God, maybe I'm finally getting over this to the point it's showing!
I just baked muffins! Yum!
I'm taking my steroid now. I'm taking my lung relaxant when we get back from the store. I still have to wear the blasted mask but with my wheezing not being that bad... it's not bugging me like it was.
Woot!
On the other hand, Brett's driving me insane. Enough said about that... *nods*
04:24 Dec 15 2009
Times Read: 1,171
Picture from about five minutes ago. I look out of my mind in it. God, I wish the circles under my eyes would go away.
I need to get another shower.
But here it is...
It's more of a reminder to myself then anything. I've gotten lectured so much from my doctor and the nurses... plus my mother. Ugh! My mother was the worse on it all!
I'm not going to let myself get this blasted sick again. If I'm sick for more then a week, I need to go in. Especially if I'm taking cold medicine during that whole time!
I got my book today. We had to go out and get it. There were a whole bunch of problems with UPS. It was insane. We ended up stopping at the college up there for Brett to run in and call the UPS number to get directions. They told us the wrong ones. But while I was waiting, I ended up taking my mask off outside of the car, of course, and vomiting.
My mom is upset with me. She wants me to go to the graveyard with her and today I had to get my book. If I didn't get it, tomorrow it was going back to the company it came from! I would have been screwed for a long time on my State and Local Government class.
I'm kind of tired but kind of not. I'm waiting for a friend overseas to get online so I can chat with him for a few before trying to sleep. I was supposed to dual with him tonight in an online game but I'm not sure I'm up to it.
... I'm not sure I'm up to much of anything.
If I can't sleep, I'm doing homework or cleaning.
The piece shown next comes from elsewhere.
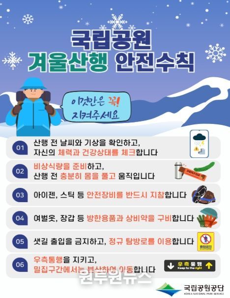 (원투원뉴스) 기후에너지환경부 산하 국립공원공단(이사장 주대영)은 2월 14일부터 18일까지 설 연휴 탐방객 안전관리 대책 기간으로 지정하고, 국립공원 주요 지역 1,544곳에 인력 4,833명을 집중 배치해 탐방객의 생명과 안전을 지키기 위한 현장 대응을 대폭 강화한다고 밝혔다.

I've already decided that much! *nods* About 15 more boxes to go. Just 15. Why does it seem like 100 to me right now?
I have plenty of motivation.
I have plenty of spunk.
I have the stubbornness.
I have my list of things I need to do.
Now, I just need my body to corporate with me to get everything done!
19:58 Dec 14 2009
Times Read: 1,178
I have to go out in a few minutes. I need to get my book from the office in St. Clairsville. Ugh!
I'm so not looking forward to going out, especially with a mask on.
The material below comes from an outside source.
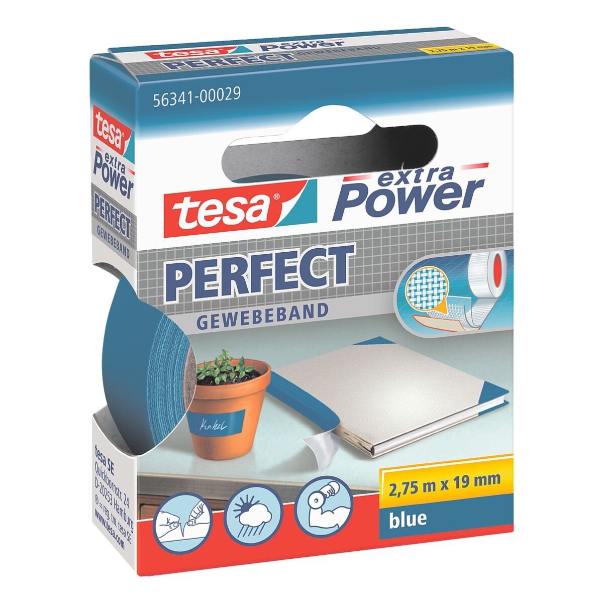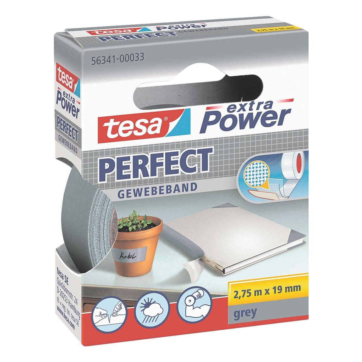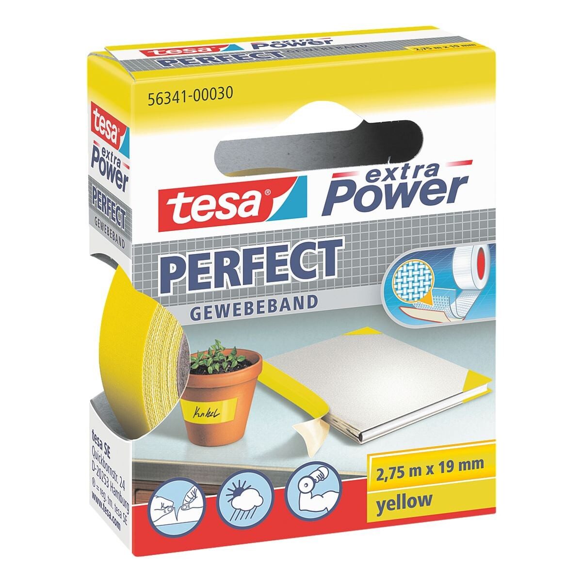 Gewebeband »Extra Power« 56341, für Isolier-, Reparatur- und Schutzarbeiten auf fettfreien, trockenen Materialien, hohe Reißfestigkeit, witterungsbeständig und beschriftbar, Maße (B/L): 19 mm/ 2,75 m, Inhalt pro Pack: 1 Rolle

Wonder how many strange looks I'll be getting...
19:22 Dec 14 2009
Times Read: 1,179
Ahhhhh! I got my evidence kit! OMG! OMG! Ahhhhh!
Mister
09:12 Dec 14 2009
Times Read: 1,187
I want sex. I want kisses. I want touches. I want to stop feeling like shit from being sick. I want physical contact.
God, I want a lot of things.
But most of all, I want you, Mister.
♥
07:28 Dec 14 2009
Times Read: 1,188
Another night of not being able to sleep. Ugh! I'm going to just do homework. Even with the worst case, I'll still get some of that done. I already did some cleaning. I can't do much more there since I don't want to wake Aurora up. I've fallen twice tonight but nothing bad. I've at least got some "get up and go" juice back.
I should get my book for my class today or tomorrow.
I'm hoping that come 3 am, when I take my lung relaxant, it will make my chest hurt less so I can go to sleep.
*sighs* I'm feeling pretty damn good without taking into consideration the blahness of being sick and whatnot.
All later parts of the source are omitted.